Biyu’s third eyelids slid over her eyes. She’d also felt the thick, dry heat.
Damini waved at us to follow.
A yakshini sidled past us and through the doorway. The second yakshini took up a rearguard position. I handed Cubchick to Biyu and, lacking Damini’s finesse, climbed over the tree root. Biyu returned Cubchick to me and vaulted over it.
Damini waited for us a few feet beyond the doorway. She handed out three hooded cloaks, their fabric thin and pearlescent.
‘Put these one,’ she said. ‘They’ll provide some protection from the heat.’
Biyu pulled the cloak over her and then wrapped the other around Cubchick. The anzu didn’t struggle or protest at being swaddled.
When she’d finished, Biyu said, ‘Where are we going?’
Damini put on her own cloak and covered her head with the hood.
‘Anjaneya created this passageway,’ she said. ‘It leads to a cavern. Come—you’ll soon see what I mean.’ She waved us forward. The yakshini in front of us carried a torch.
Inside the arched passageway, someone tall and with a stride twice as long as mine had carved deep and wide steps into the dark and porous rock. I kept my eyes fixed to the floor and concentrated on not overextending my second stride and missing a stair’s edge.
Our descent seemed endless. The anzu’s weight and the rising temperature added to the sweat dripping from my face. After twenty minutes, the passageway levelled. My hips ached as I reacquainted myself with level ground.
We had followed the yakshini with the torch in silence. At first, the distant sound resembled breath blown over the top of a bottle. Now, the sound was a rumble. Up ahead, fifty feet away, an archway of red glimmered.

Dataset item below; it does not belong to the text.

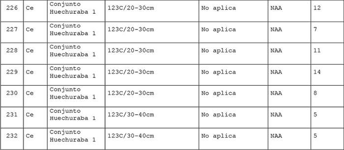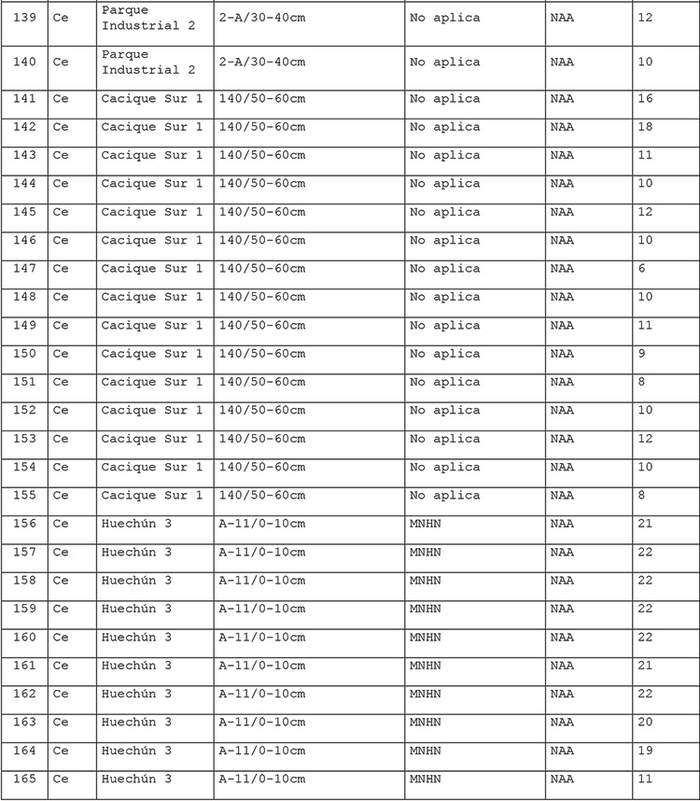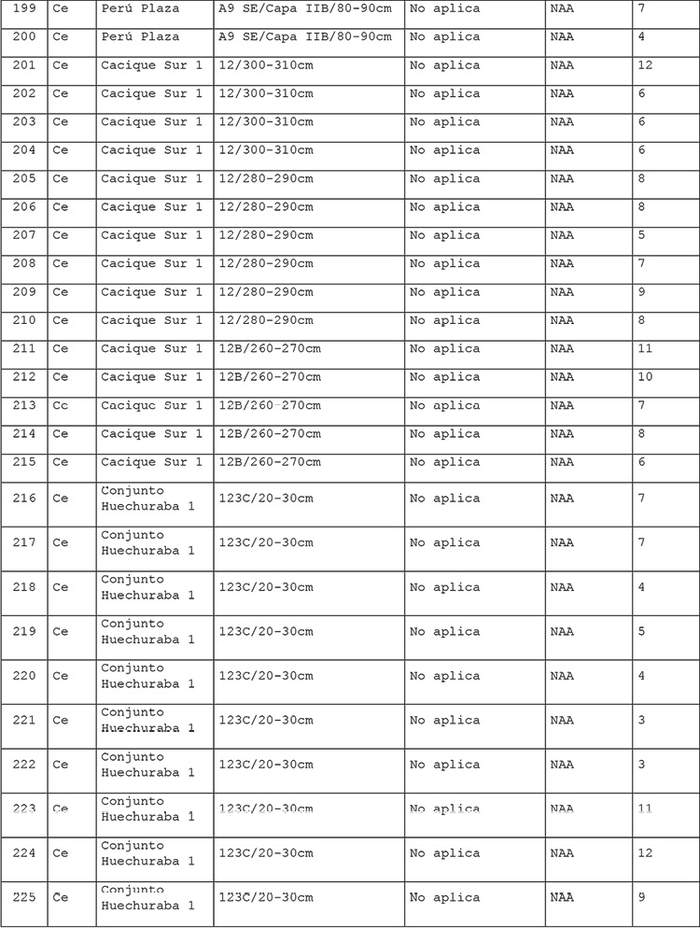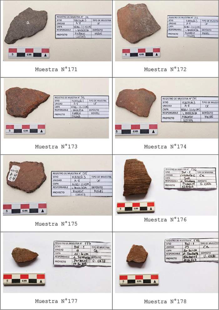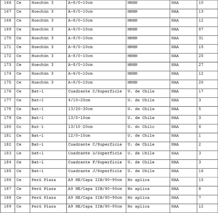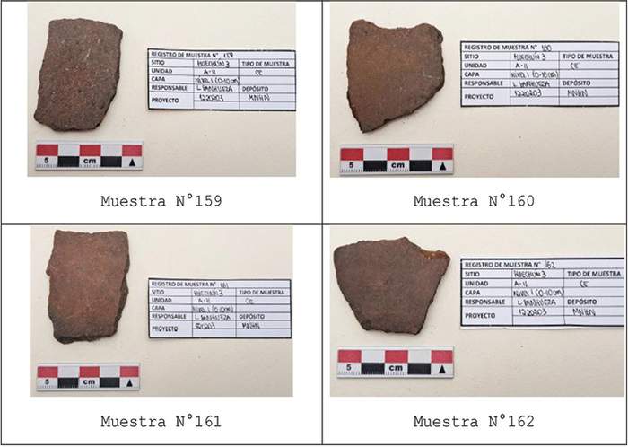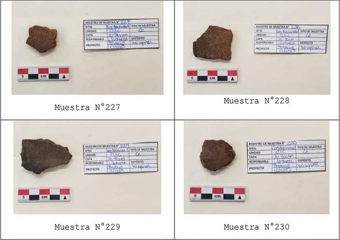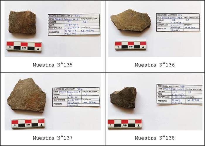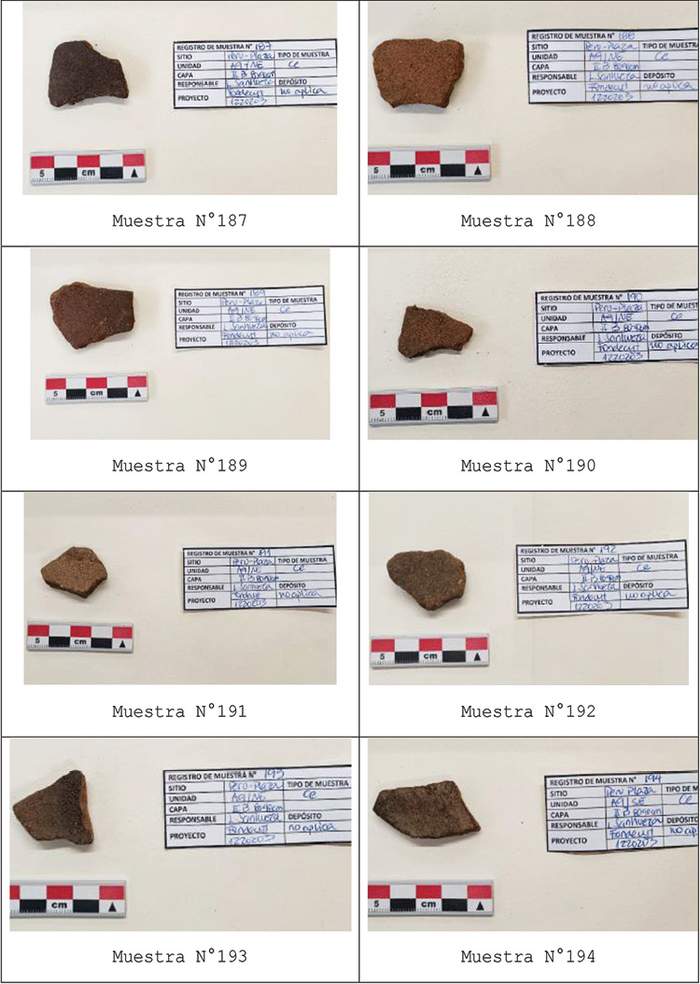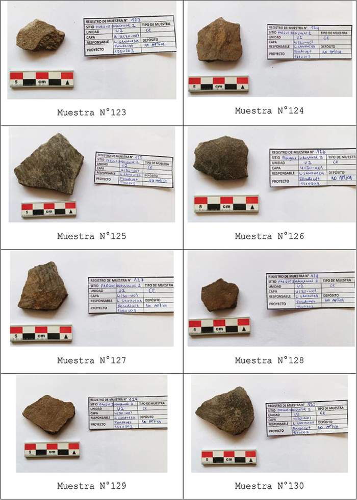 Artículo 3°: Autorízase la extracción desde el territorio nacional, a contar de la fecha de publicación del presente decreto, de 155 muestras arqueológicas, correspondientes a fragmentos cerámicos provenientes de la cuenca de Santiago, Región Metropolitana, en el marco del proyecto Fondecyt 1220203 "Ocupación prehispana en torno al Totoral. Patrón de asentamiento y uso de recursos en la Laguna de Batuco". La salida de las muestras fue solicitada por María Lorena Sanhueza Riquelme y a continuación se individualizan: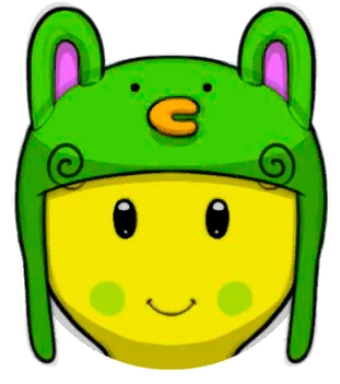 Thrillgurutchi is a yellow Tamagotchi with a round head and slim body. They have black oval eyes, green cheek highlights, and two curls poking out from under their green bunny hood hat.

The passageway ended in an arid, black cavern, its walls and ceiling lit by a river of slow-moving lava. The air reeked of sulphur.
Biyu and I had visited several islands with active volcanos while hunting for relics. The closer we’d got to one, the more equipment we’d needed to protect ourselves from the heat and the noxious gases. This close to all that lava, we should have suffocated.
I smell magic, Biyu said, confirming my suspicion. Powerful magic.
Damini pointed. The light made it difficult to discern what she wanted us to see.
‘There’s another passageway on the opposite side of the cavern,’ she said. ‘It goes up to the surface of Arlanga.’
I glanced at Biyu. At its narrowest point, the body of ocean separating the two islands had to be about a mile. Was this river of lava a mile long?
‘Arlanga is where the demon king lost the battle to open a hellmouth for his army,’ Damini continued, ‘and it’s where he dropped his sceptre. Like Anganera, there are warded rocks buried beneath Arlanga. Those wards prevent anyone from approaching the island by sea or air. Father and I could think of only one reason for an invasion: the Leyakians want the sceptre.’
Damini extended her open hand to one of the yakshini. The yakshini mimicked the gesture. A tear appeared in the centre of her palm, and the sceptre emerged from it.
Cubchick wriggled once in my arms but nothing more.
‘The Divine Monkey foresaw this day,’ Damini continued. She took the relic from the yakshini and offered it to me. ‘He prohibited any Anganeran from setting foot on Arlanga until the sceptre had been returned to the island.’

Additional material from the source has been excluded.